Preemption Laws and the War on Arizona Cities




Guns. The Border Wall. Sanctuary cities. Solid waste collection. Industrial hemp production. AirBnBs.
 

What does this seemingly random grab bag of issues have in common? Well so far into this young legislative session, they have all been at the center of the Republican-controlled state legislature’s ongoing war on Democratic-led cities such as Phoenix, Tucson, Tempe, and Flagstaff. And the Republican legislators’ weapon of choice is an obscure tool known as preemption law. 

As explained by Henry Graber in Slate in 2016, preemption laws, like so much state-level Republican legislation, is a brainchild of the notorious American Legislative Exchange Council (ALEC), the corporate-backed think tank which provides Republican legislators with model legislation which serves the interests of its corporate and billionaire clients. And preemption laws are a particularly pernicious tool that can be applied to almost any conservative hobbyhorse and harm the ability of cities to make their own laws.

It works like this. The state legislature in Arizona, like the majority of state legislature around the country, is controlled by Republicans. But many of Arizona’s largest and most important cities, including Phoenix, Tucson, Tempe, and Flagstaff, are Democratic strongholds with liberal mayors and city councils. This dynamic is similar around the country, where diverse cities are heavily Democratic while the more homogeneous suburbs and rural areas lean more Republican.

This leads to a disconnect between the city and state levels on a variety of issues. To take one example, Phoenix, Tempe, and Tucson all score perfect 100s on the Human Rights Campaign Municipal Equality Index thanks to their city-level antidiscrimination policies for LGBTQ+ individuals, while Arizona, which lacks statewide protections for LGBTQ+ people, scores much lower.

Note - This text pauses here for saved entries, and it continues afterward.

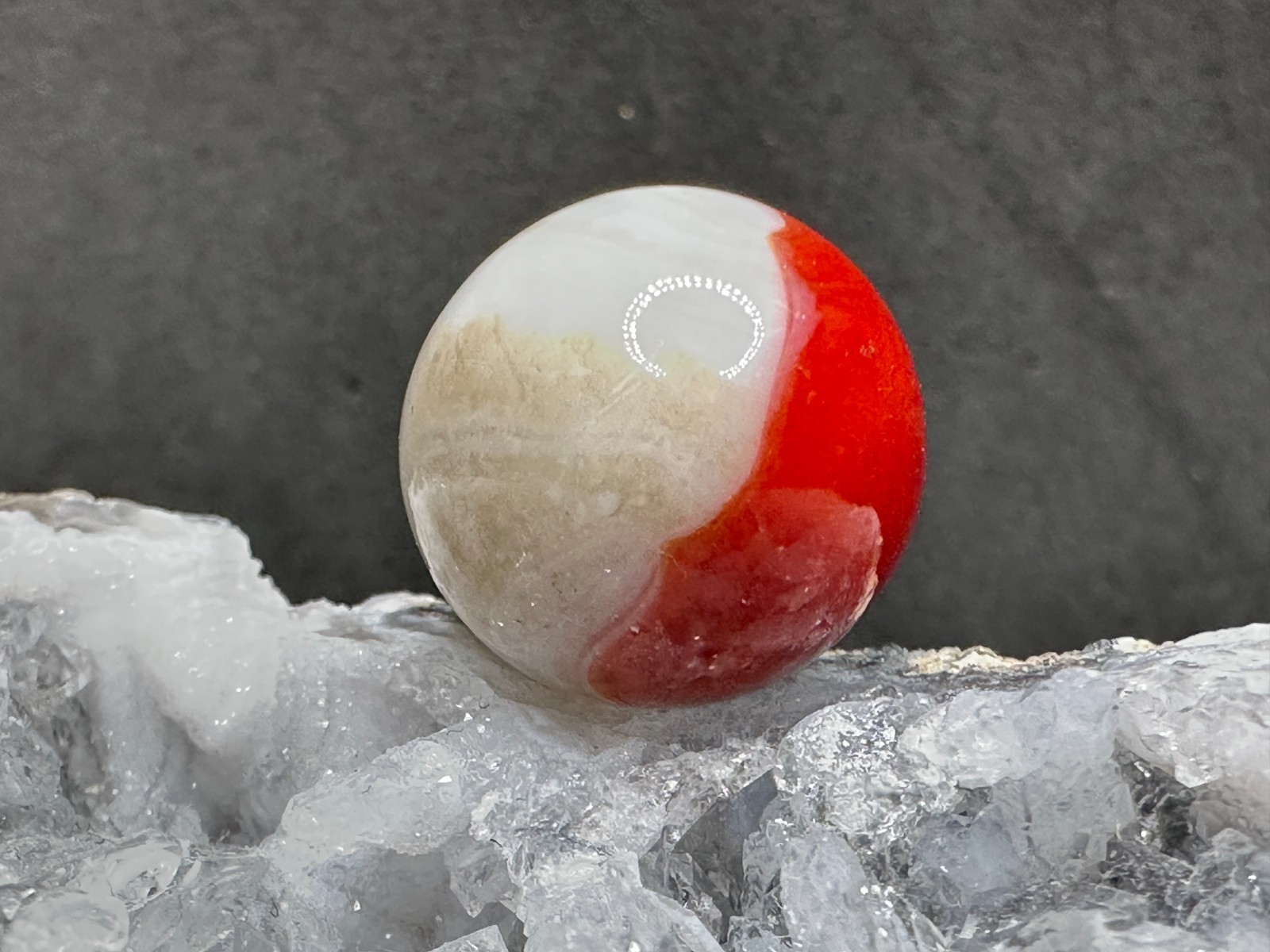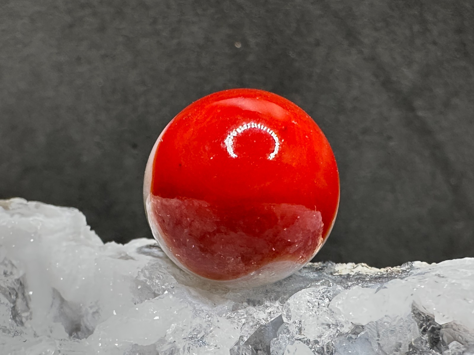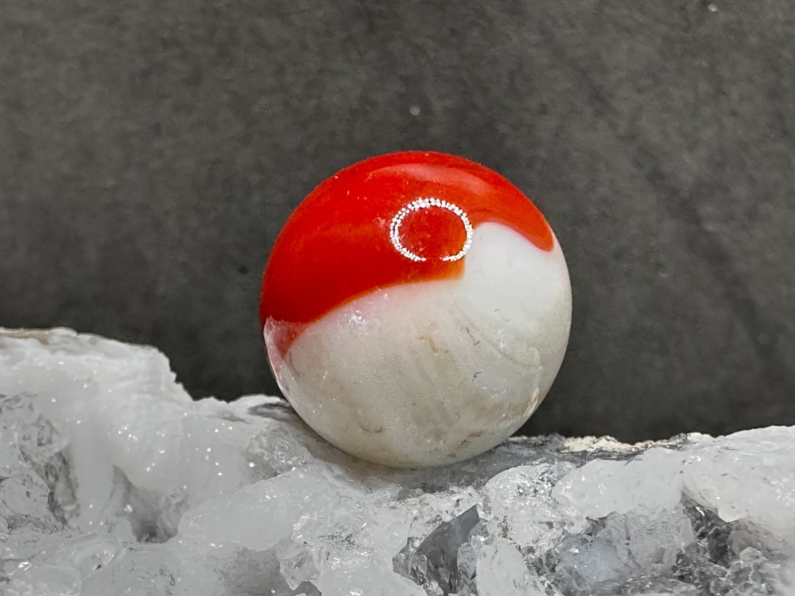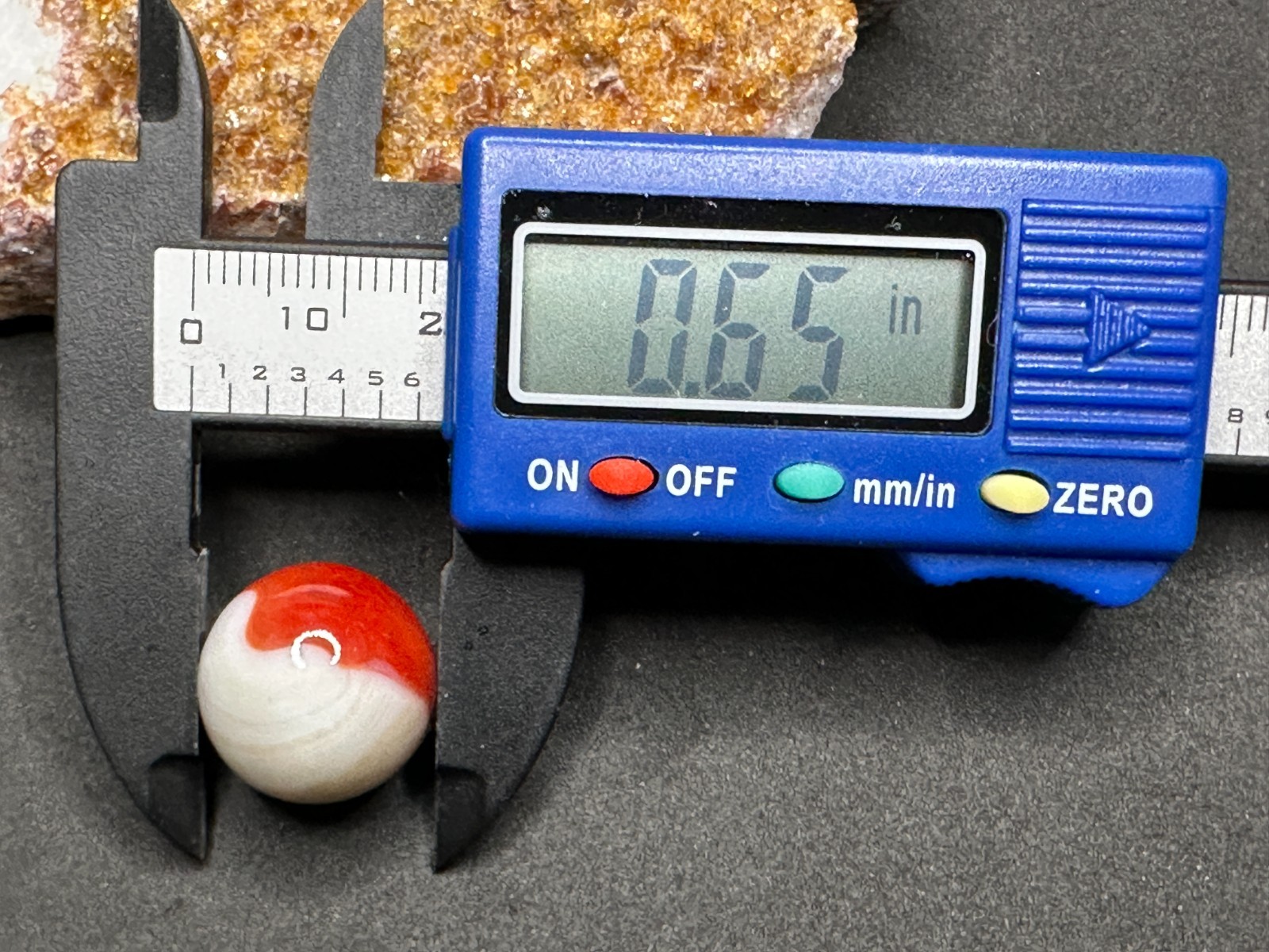 INTERESTING Vintage Akro Agate Patch Marble - RED WHITE w/Tan Streaks - .65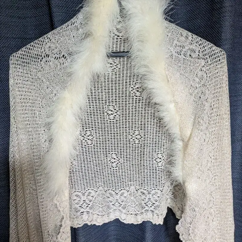아이보리 레이스 숄, 퍼(fur) 장식으로 엘레강트한 디자인.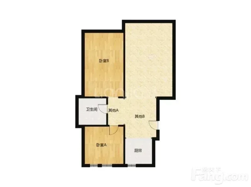 户型是2室2厅0厨1卫1阳台,南北朝向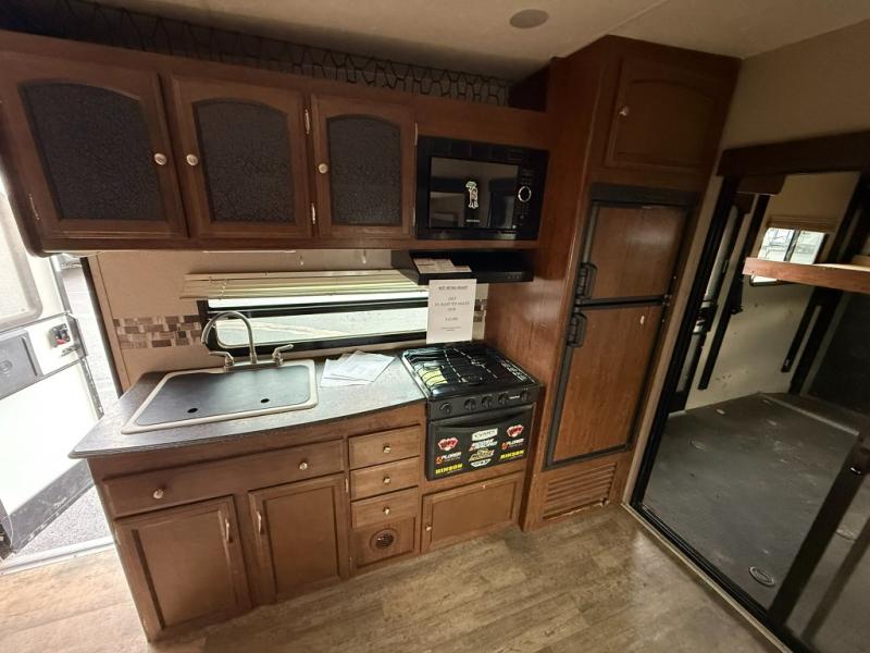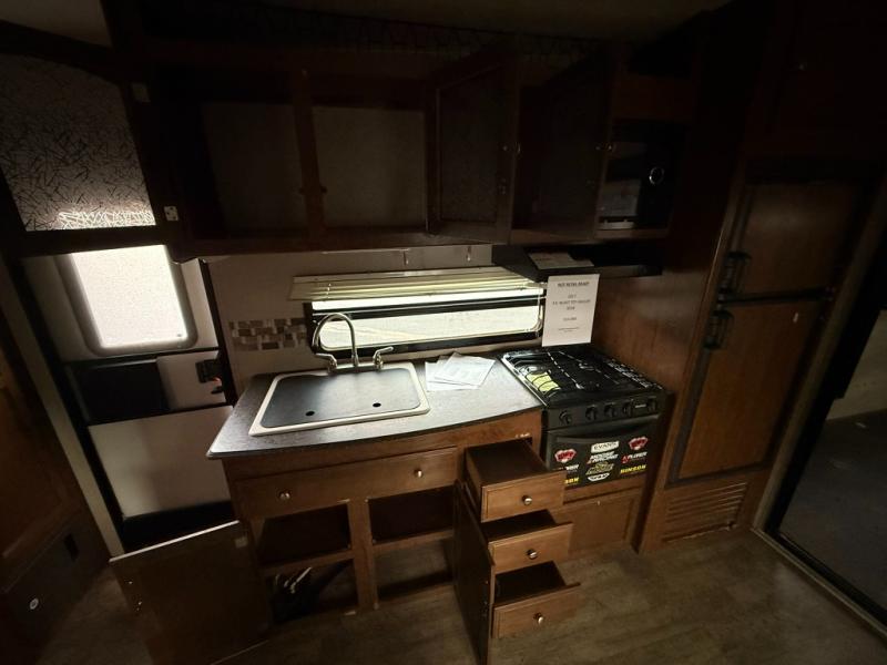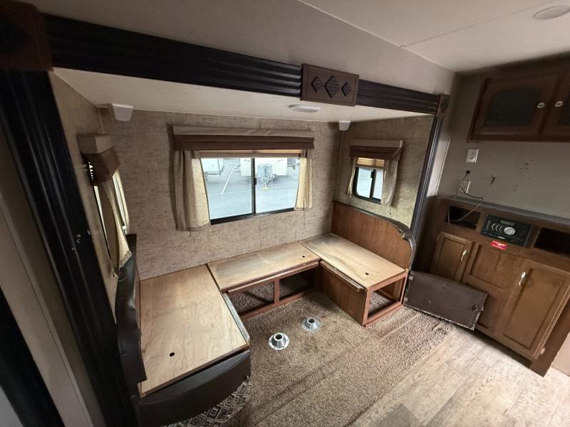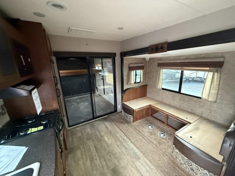 Step inside the main living area which features a large u-shaped dinette slide. Directly across the room is the complete kitchen featuring a refrigerator, three burner range with microwave, and a double kitchen sink. There is also an entertainment center next to the slide that can be viewed easily from the dinette.

Preemption laws, simply put, are designed to take away the power of liberal-leaning cities to pass laws that Republicans don’t like. Remember Tempe’s ban on plastic bags? That was undone by a state-level preemption law that banned cities and towns from passing such bans. The same goes for a 2018 Tempe ordinance banning undisclosed political spending in elections which passed with over 90% support. The same goes for city ordinances requiring paid sick leave and for buildings to measure energy use. And another requires a city to post a bond “equal to the state shared revenue” if the state attorney general files a suit alleging that a city’s law violates the state’s gun preemption law. In other words, if the state AG even thinks a city’s gun regulation violates the state preemption law, the state would surrender all of its revenue from the state while the case is litigated.

These preemption laws, of course, make a mockery of conservatives’ common claim that they believe in local control of the government. In reality, conservatives believe in whatever form of government keeps them in power and disenfranchises progressives.

And this session seems to be no different. Rep. John Fillmore, apparently not thinking Arizona’s current gun regulation preemption law is not strong enough, has introduced HB2003, which would expand it. While Rep. Warren Petersen, doing the bidding of the man in the White House, has introduced HB2084, which would prevent cities from blocking construction of the notorious Border Wall. And Rep. Jay Lawrence has introduced HB2095, which prevents cities from declaring themselves sanctuary cities after Tucson considered the idea last fall.

But there seem to be signs that even some Republicans are thinking these bills go too far. The first bill introduced in the House for this session, HB2001, introduced by Democrat Isela Blanc, would repeal a preemption law that bars cities and towns from regulating short-term rentals on sites like Airbnb. Frustration from neighbors of Airbnb “party houses” has caused the bill to already receive bipartisan support, with Republican Noel Campbell signing on as a cosponsor. 

Governor Ducey and most Republicans in the legislature still oppose the repeal, but it will be up to them to explain why they think the state is better equipped to set policy on short-term rentals than the citizens of the communities that are actually affected by them.